Plaintiff cites a number of cases that she claims support the proposition that the liability-limiting clause should be ignored. These eases are either distinguishable . on their facts, or simply inapplicable. As already noted, Fuller involved a different contract — one that was actually ambiguous. 545 S.W.2d at 107. Orkin Exterminating Co. of South Georgia v. Buchanan, 108 Ga.App. 449, 133 S.E.2d 635 (1963), simply does not discuss the limitation of liability language at issue in this case. In Adams v. Orkin Exterminating Co., 763 S.W.2d 318 (Mo.Ct.App.1989), the court found that Orkin had never provided the initial treatment, a step necessary to trigger the provisions of the guarantee, including the limitation of liability. Finally, Perschall v. Raney, 137 Ill.App.3d 978, 92 Ill.Dec. 431, 484 N.E.2d 1286 (4th Dist.1985), was not even a contract case.
IV. CONCLUSION
The relevant facts in this case are undisputed. The parties entered into an unambiguous contract, the terms of which govern their rights and responsibilities. The contract explicitly waives Groth’s right to recover for damage to her home as a result of termite infestation. The only recovery Groth is entitled to under the contract is reinspection and re-treatment, as long as she continues to pay the annual fee. Orkin has willingly reinspected and re-treated Groth’s home. Because she has received what she contracted for, Groth is not entitled to recover.
One issue remains before the Court in this matter. Orkin has moved to quash a subpoena issued by Groth’s attorney, Patricia L. Hayes, one month after the close of discovery. Orkin’s attorneys, Fred C. Prillaman and Patrick D. Shaw, allege that Hayes never notified them that she served the subpoena on their client. Orkin has moved for sanctions based on this conduct.

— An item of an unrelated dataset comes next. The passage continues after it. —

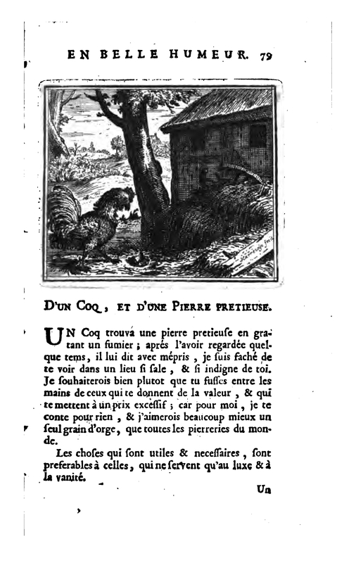 - The image depicts a cock in a farmyard who has found a precious jewel while scratching in the farmyard. The cock has no use for a precious jewel and would prefer a grain of barley.

Because the Court will allow Defendant’s Motion for Summary Judgment, the motion to Quash is Moot. The question of sanctions, however, is not moot and must be resolved.
The Court will retain jurisdiction over this matter in order to .resolve the question of sanctions. Plaintiff has been directed to respond to the Motion to Quash and Motion for Sanctions. When the Court receives the response, the Court will schedule a hearing on the question of sanctions.
*1154Ergo, Defendant’s Motion for Summary Judgment is ALLOWED.
. Groth sought to amend the Complaint after Defendant moved for summary judgment. The Court denied the motion for leave to amend for numerous reasons. The proffered amendment would have added a count under The Illinois Consumer Fraud and Deceptive Business Practices Act, 815 ILCS 505/1-505/12 (Smith-Hurd 1993 & Supp.1995). That statute might have provided a viable avenue of relief.